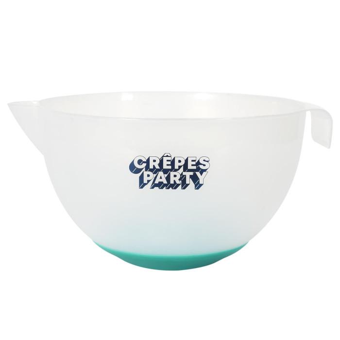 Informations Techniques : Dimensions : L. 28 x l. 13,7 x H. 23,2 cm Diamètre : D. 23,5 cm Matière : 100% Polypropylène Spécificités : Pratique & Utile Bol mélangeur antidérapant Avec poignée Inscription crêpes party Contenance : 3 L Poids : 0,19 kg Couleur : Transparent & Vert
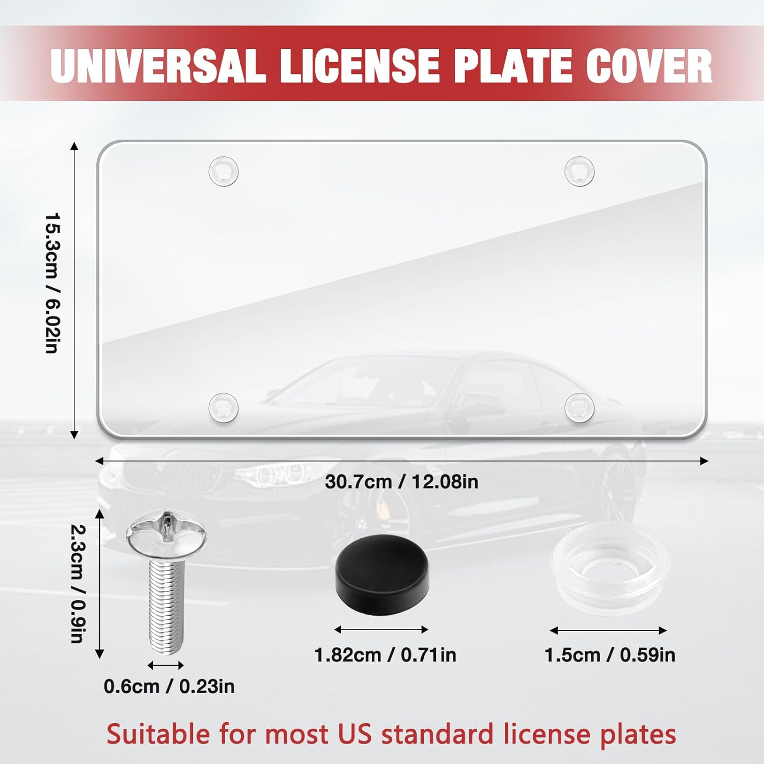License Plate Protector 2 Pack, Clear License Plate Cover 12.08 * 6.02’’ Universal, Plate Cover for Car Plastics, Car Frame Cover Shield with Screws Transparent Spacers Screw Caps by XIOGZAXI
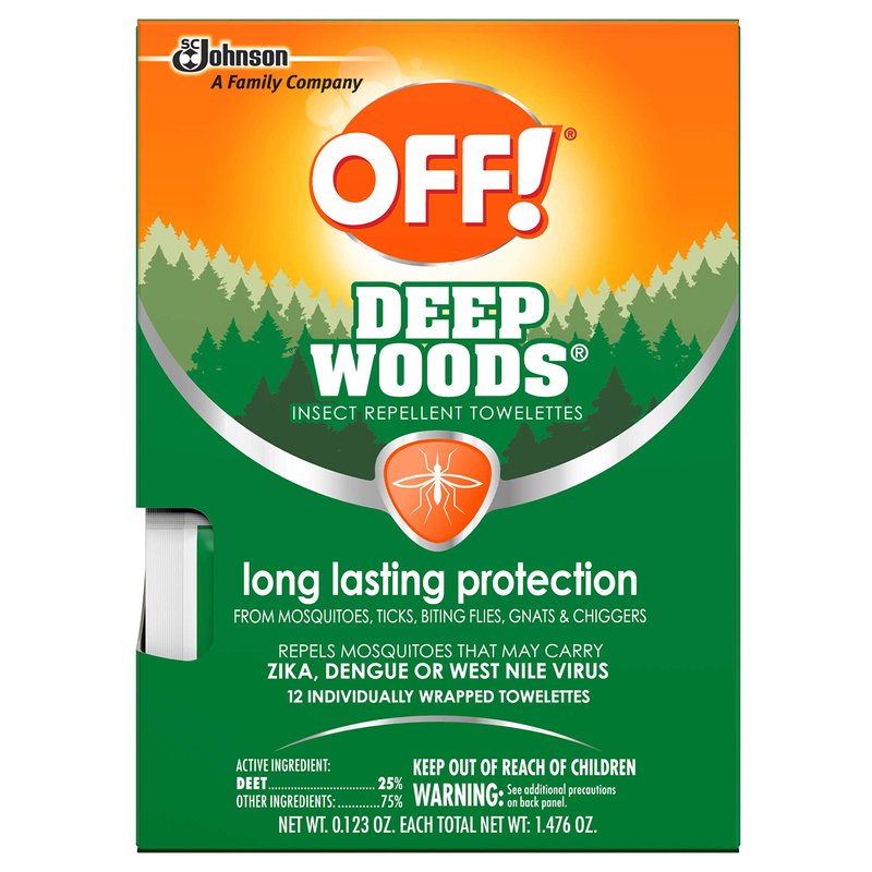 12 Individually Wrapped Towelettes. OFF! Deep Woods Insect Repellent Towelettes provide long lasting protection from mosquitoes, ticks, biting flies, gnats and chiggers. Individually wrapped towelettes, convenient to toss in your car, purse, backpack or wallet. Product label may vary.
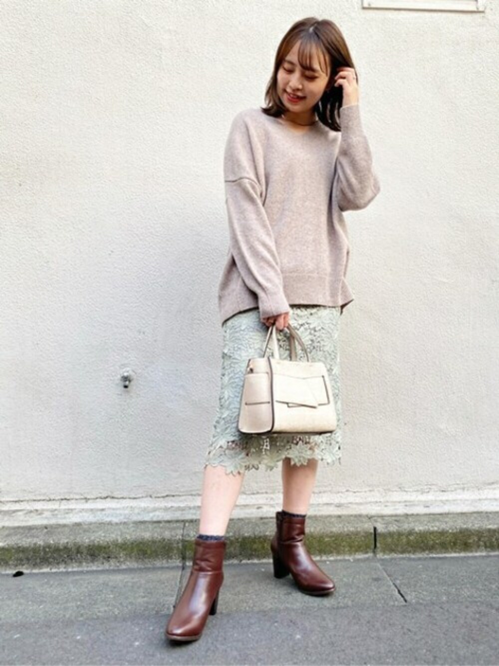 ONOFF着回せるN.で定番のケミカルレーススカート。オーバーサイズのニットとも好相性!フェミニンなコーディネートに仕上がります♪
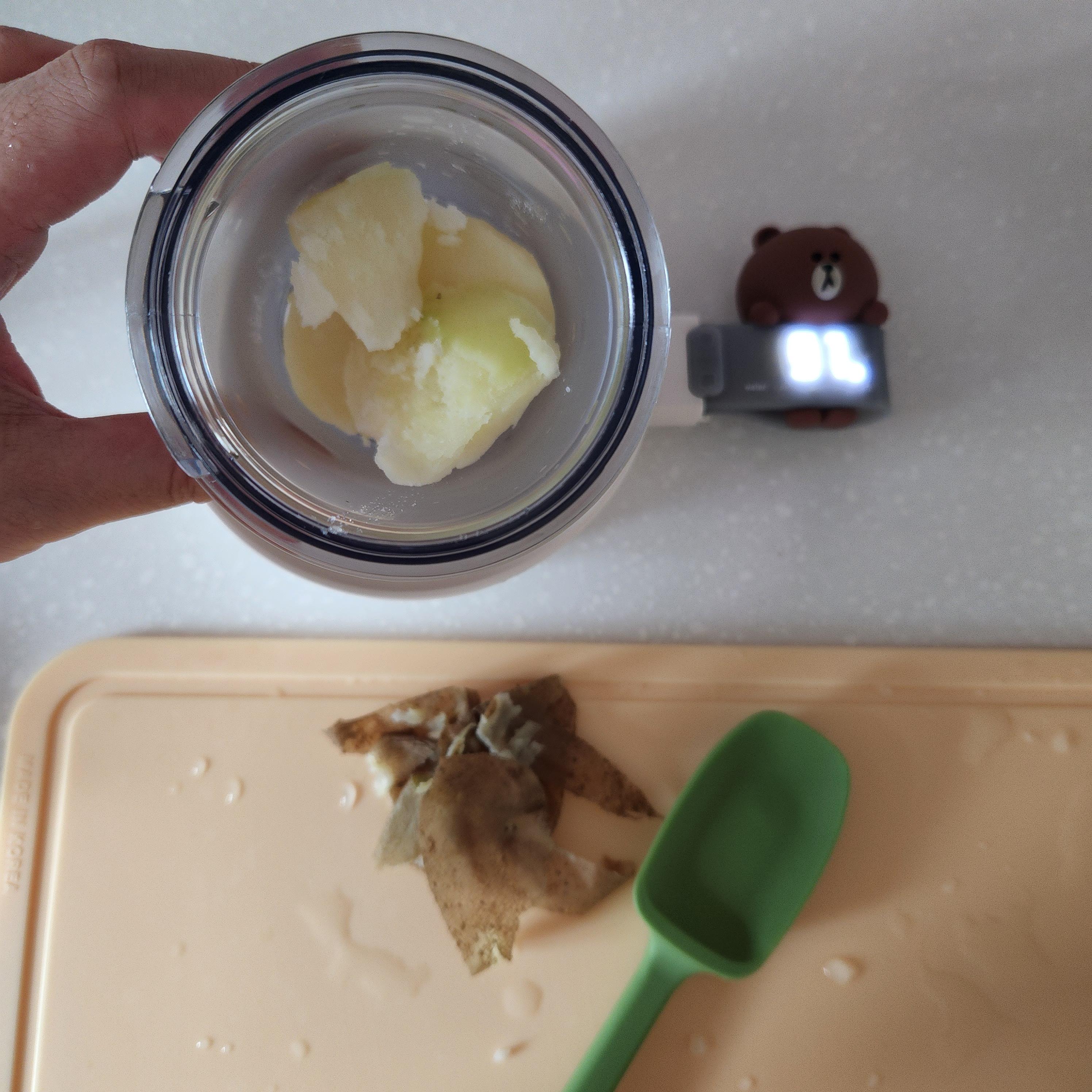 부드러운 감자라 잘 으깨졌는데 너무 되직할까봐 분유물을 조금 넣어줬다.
* * * * * * * * *
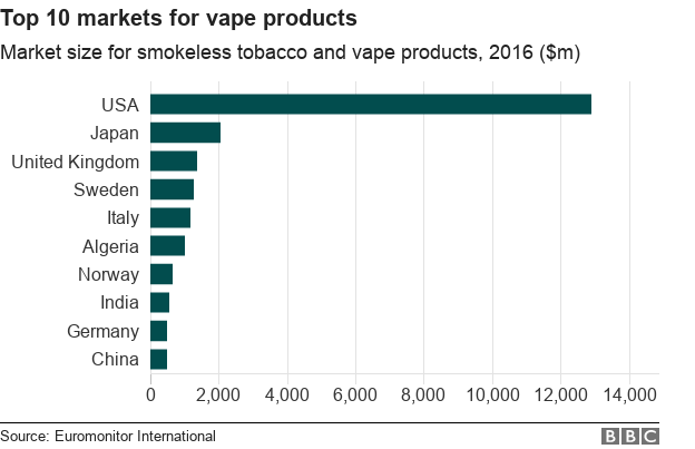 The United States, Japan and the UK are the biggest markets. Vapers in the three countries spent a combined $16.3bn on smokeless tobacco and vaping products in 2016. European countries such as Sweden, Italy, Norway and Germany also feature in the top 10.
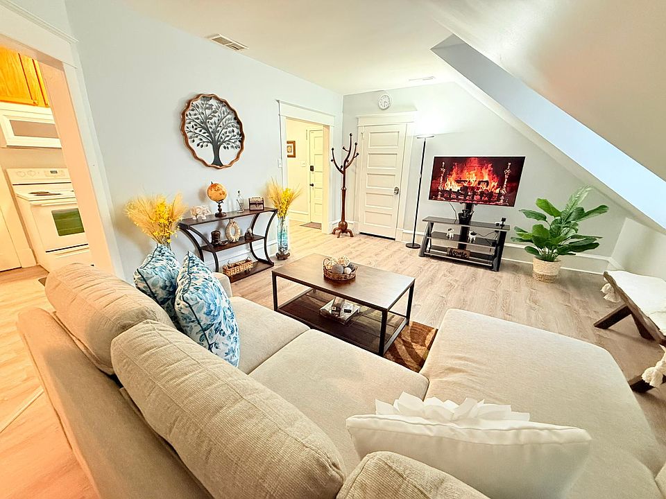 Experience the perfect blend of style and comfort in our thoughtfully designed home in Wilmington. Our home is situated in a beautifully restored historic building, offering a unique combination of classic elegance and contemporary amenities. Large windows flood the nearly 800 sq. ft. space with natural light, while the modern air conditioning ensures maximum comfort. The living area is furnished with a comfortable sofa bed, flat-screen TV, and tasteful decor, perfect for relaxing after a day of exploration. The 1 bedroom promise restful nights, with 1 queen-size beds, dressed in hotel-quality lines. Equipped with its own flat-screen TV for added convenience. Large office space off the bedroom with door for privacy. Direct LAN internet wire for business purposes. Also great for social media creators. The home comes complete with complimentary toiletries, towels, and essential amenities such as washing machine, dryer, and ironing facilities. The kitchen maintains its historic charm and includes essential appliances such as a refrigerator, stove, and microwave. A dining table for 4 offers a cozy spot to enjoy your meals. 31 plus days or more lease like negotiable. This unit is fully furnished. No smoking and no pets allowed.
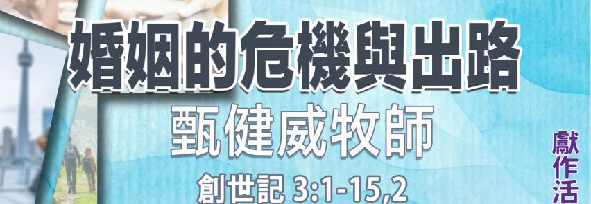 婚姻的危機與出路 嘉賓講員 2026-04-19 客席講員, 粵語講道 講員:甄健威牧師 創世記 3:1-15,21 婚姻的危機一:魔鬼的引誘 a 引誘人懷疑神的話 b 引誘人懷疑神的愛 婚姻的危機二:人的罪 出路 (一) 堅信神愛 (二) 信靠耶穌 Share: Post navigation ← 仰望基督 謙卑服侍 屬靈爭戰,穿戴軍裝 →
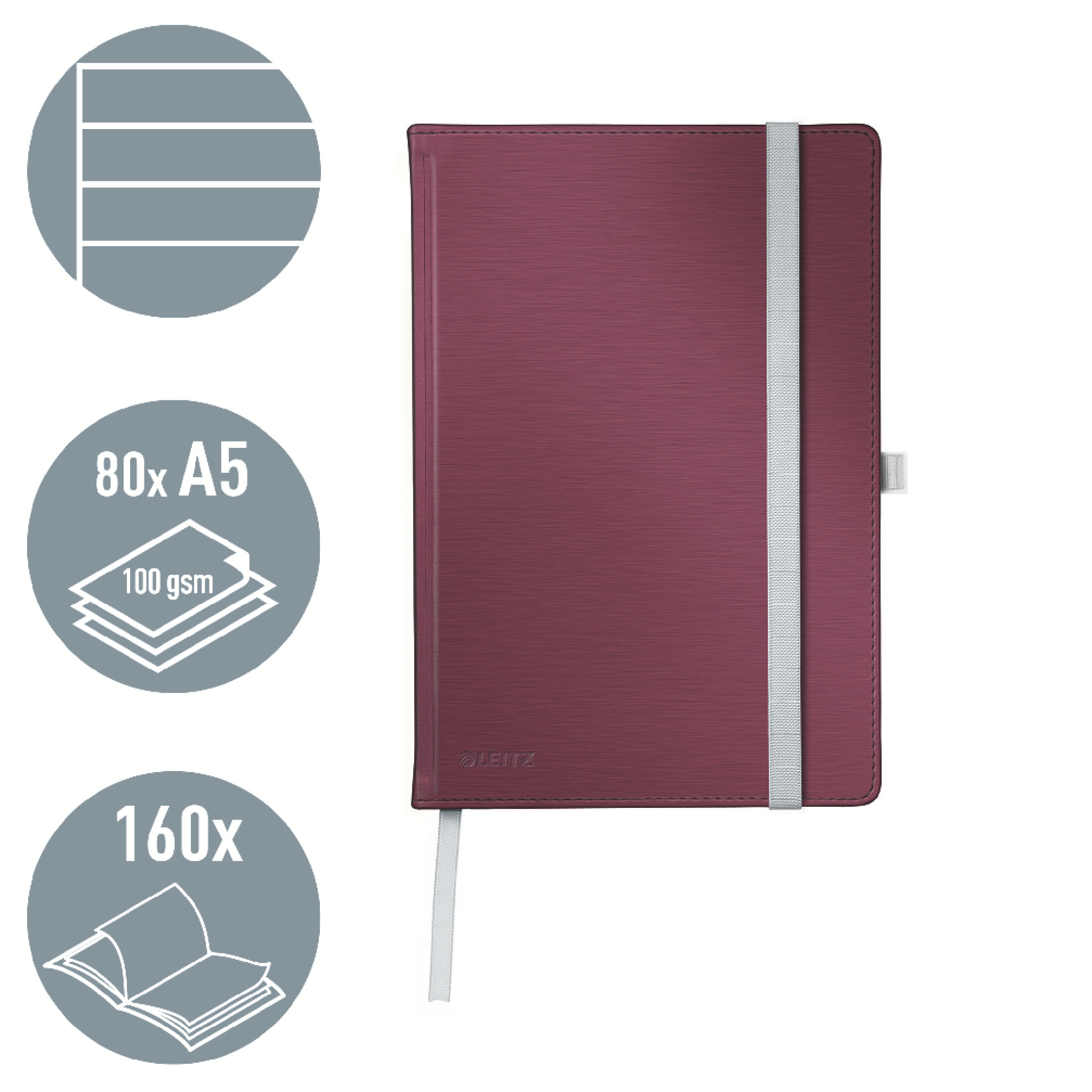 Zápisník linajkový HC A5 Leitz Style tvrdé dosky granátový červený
* * * * * * * * *
> [Work required] Working from the entries above, reproduce exactly and only the lines beginning with the line that has "The United States, Japan" and ending with the line that has "Zápisník linajkový HC"; omit all pictures.

> [Solution to this task]
 The United States, Japan and the UK are the biggest markets. Vapers in the three countries spent a combined $16.3bn on smokeless tobacco and vaping products in 2016. European countries such as Sweden, Italy, Norway and Germany also feature in the top 10.
 Experience the perfect blend of style and comfort in our thoughtfully designed home in Wilmington. Our home is situated in a beautifully restored historic building, offering a unique combination of classic elegance and contemporary amenities. Large windows flood the nearly 800 sq. ft. space with natural light, while the modern air conditioning ensures maximum comfort. The living area is furnished with a comfortable sofa bed, flat-screen TV, and tasteful decor, perfect for relaxing after a day of exploration. The 1 bedroom promise restful nights, with 1 queen-size beds, dressed in hotel-quality lines. Equipped with its own flat-screen TV for added convenience. Large office space off the bedroom with door for privacy. Direct LAN internet wire for business purposes. Also great for social media creators. The home comes complete with complimentary toiletries, towels, and essential amenities such as washing machine, dryer, and ironing facilities. The kitchen maintains its historic charm and includes essential appliances such as a refrigerator, stove, and microwave. A dining table for 4 offers a cozy spot to enjoy your meals. 31 plus days or more lease like negotiable. This unit is fully furnished. No smoking and no pets allowed.
 婚姻的危機與出路 嘉賓講員 2026-04-19 客席講員, 粵語講道 講員:甄健威牧師 創世記 3:1-15,21 婚姻的危機一:魔鬼的引誘 a 引誘人懷疑神的話 b 引誘人懷疑神的愛 婚姻的危機二:人的罪 出路 (一) 堅信神愛 (二) 信靠耶穌 Share: Post navigation ← 仰望基督 謙卑服侍 屬靈爭戰,穿戴軍裝 →
 Zápisník linajkový HC A5 Leitz Style tvrdé dosky granátový červený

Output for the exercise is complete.